Authors:

Eli Mesika

Gilad Chaplik

Feature pages are design documents that developers have created while collaborating on oVirt.

Most of them are outdated, but provide historical design context.

They are not user documentation and should not be treated as such.

Documentation is available here.

Detailed PM Health Check

Power Management Health Check

Summary

The requirement is to add a periodic health check of all Hosts with configured PM The scheduled job will try to send a status command to all PM enabled hosts periodically (once an-hour by default) and raise alerts for failed operations

Owner

Feature owner: Eli Mesika (emesika) Engine Component owner: Eli Mesika (emesika) QA Owner: Pavel Stehlik (pstehlik) Email: emesika@redhat.com

Current status

Target Release: 3.5
Status: Design
Last updated date: MAY 3 2014

Detailed Description

Add a class PmHealtCheckManager to handle the scheduled check This class will

    Read the related configuration values(see Configuration) and if feature is enabled reads the
    PMHealtCheckIntervalInSec  configurationvariable.
    Create the Quartz job in it initialize() method which will be called from backend::initialize()

CRUD

N/A

DAO

N/A

Metadata

N/A

Configuration

The following configuration variabled will be added to vdc_options

    PMHealthCheckEnabled (boolean, false by default) - Enable/Diable the Pm Health Check scheduled job
    PMHealthCheckIntervalInSec (int, default 3600) - Determines the number of seconds for scheduling the PM Healt Check operation

Those configuration value should be exposed to the engine-config tool.

Business Logic

The PmHealtCheckManager (if enabled) will create a Quartz job that runs each PmHealtCheckIntervalInSec and will do the following:

    Search for all Hosts with defined and enabled power management
    For each Host
        If the Host has just a Primary card, send a status command to this card, In case that this failed
        and Alert is generated, in case that it succeeded we check if there is an active alert for this host
        and remove it.
        If the Host has Primary & Secondary cards
           For sequential devices, both are tested but only warning alerts are generated if one of those
           cards is OK and one fails
           For concurrent devices both are tested and alert is generated no matter which card fails

API

N/A

User Experience

N/A

Installation/Upgrade

New configuration values will be installed (see Configuration)

User work-flows

User may see Alerts generated by the PM Healt Check job listed with other PM alerts generated by the system.

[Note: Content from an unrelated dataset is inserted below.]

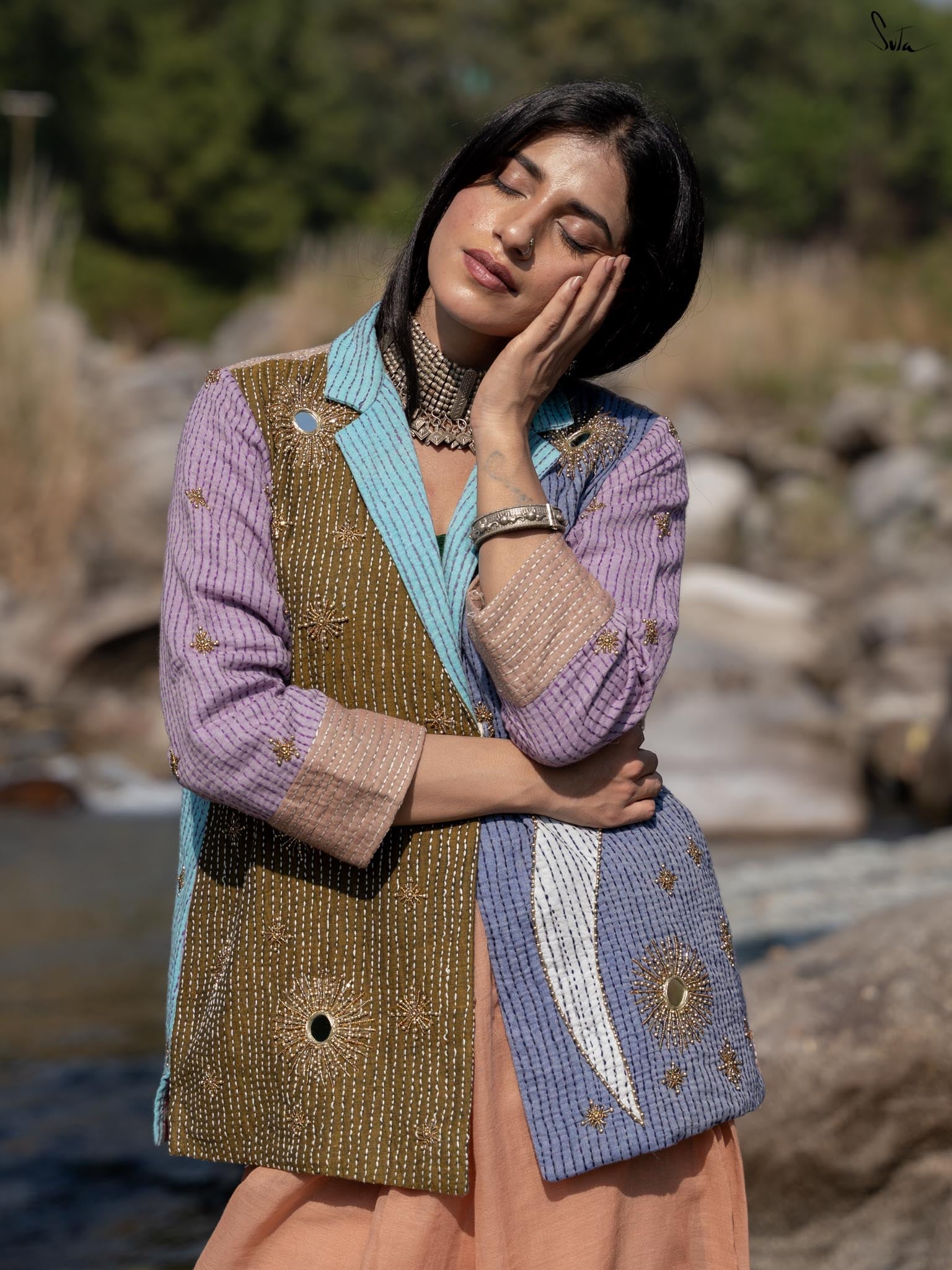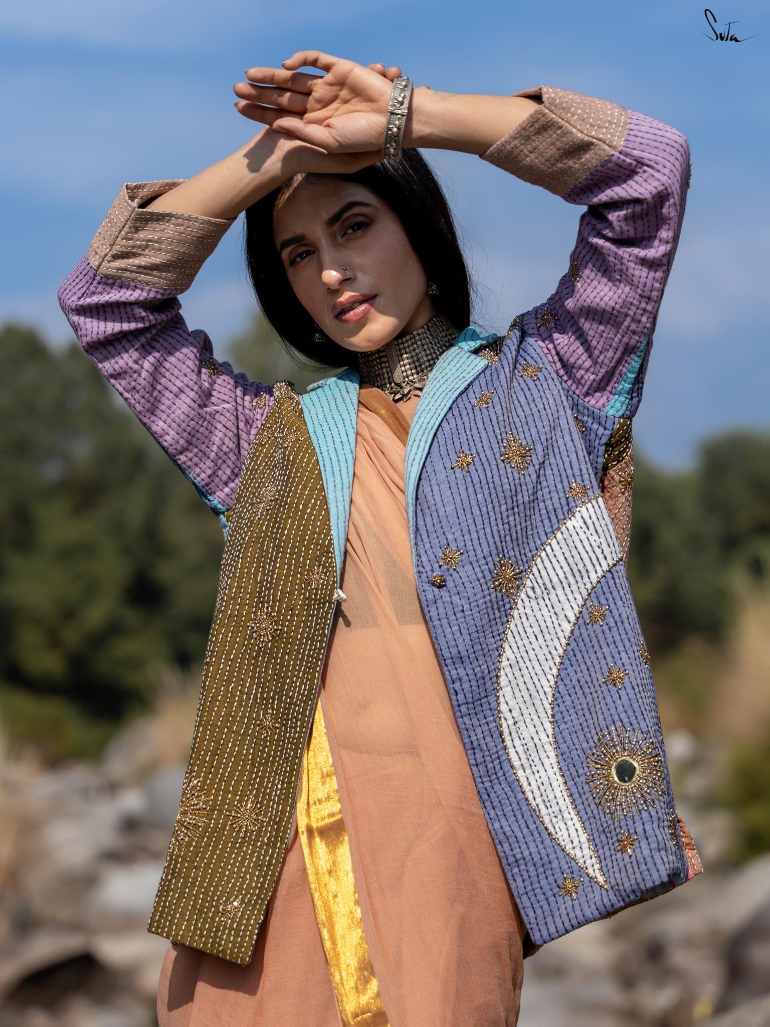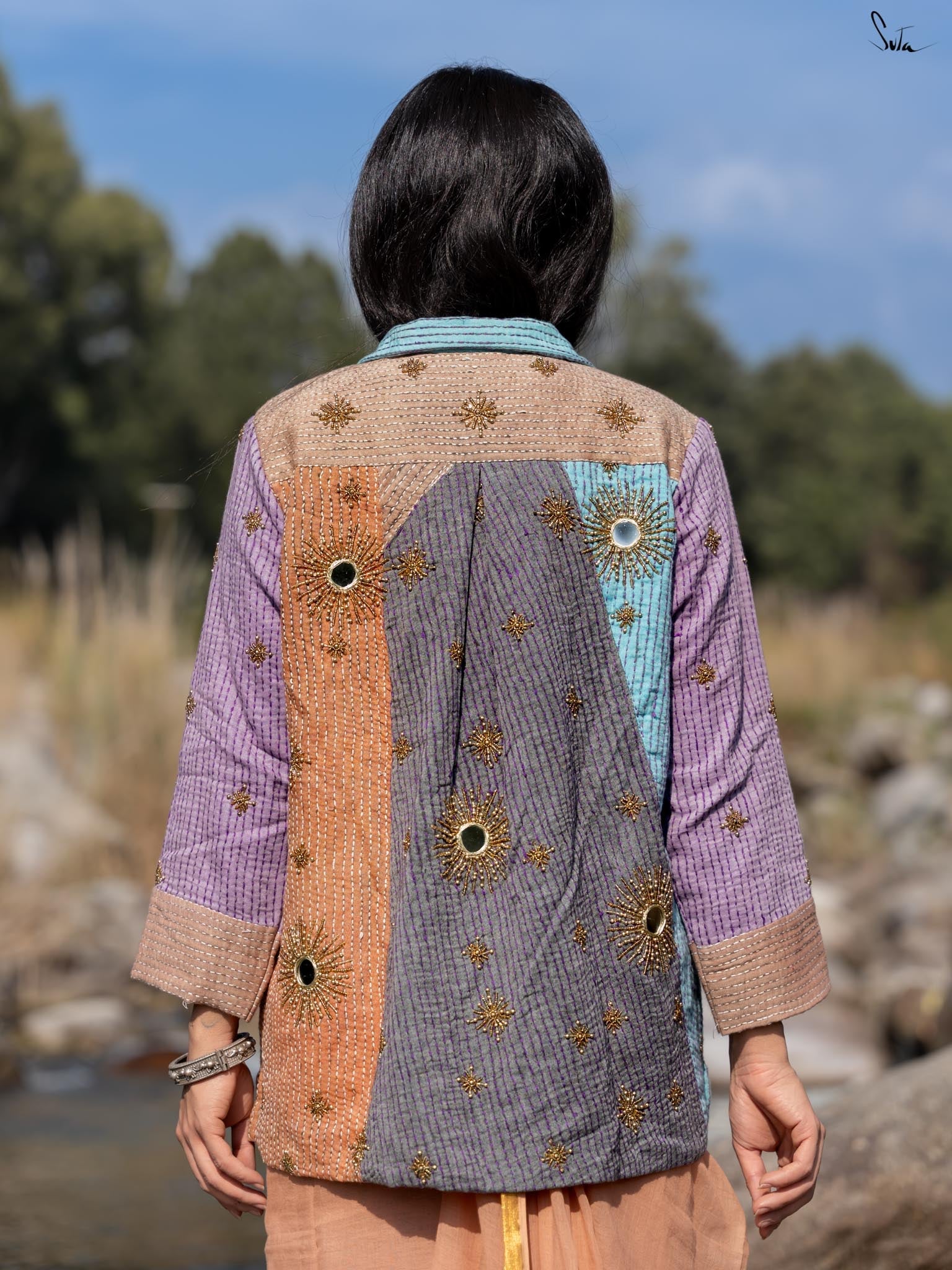 Arue celebration of craftsmanship, Chand Buta from Suta’s Bageecha collection reflects the immense time, love, and hard work that our artisans have invested. The jacket is hand-quilted in a multicolor fabric, with the Katha running stitches laying the foundation for its vibrant design. The stunning mirror work, bead embellishments, and zari embroidery are all carefully handcrafted, requiring meticulous skill and hours of patience. These elements give the jacket its glamorous and festive feel, making it a unique piece that stands out. The artisans love for their craft is evident in every stitch and bead, as they pour their heart into transforming the fabric into a work of art. The jacket is not just a piece of clothing, but a canvas of tradition and modernity, woven together with love and time. Each element is passed from one pair of hands to another, carrying the stories and dedication of the craftsmen who have worked tirelessly to create something beautiful.

In 3.5, the user may be able to clear those alerts as any other alerts on the system See Dismiss Alerts

Enforcement

Code should verify that PM Health Check cycle can not be run while another cycle is active, this is due the fact that in a general elecricity failure or shutdown, looping over all hosts and waiting for the communication timeouts may be time consuming

Affected oVirt projects

See RFE

Documentation / External references

Features/PMHealthCheck

Future Directions

N/A

Open Issues

N/A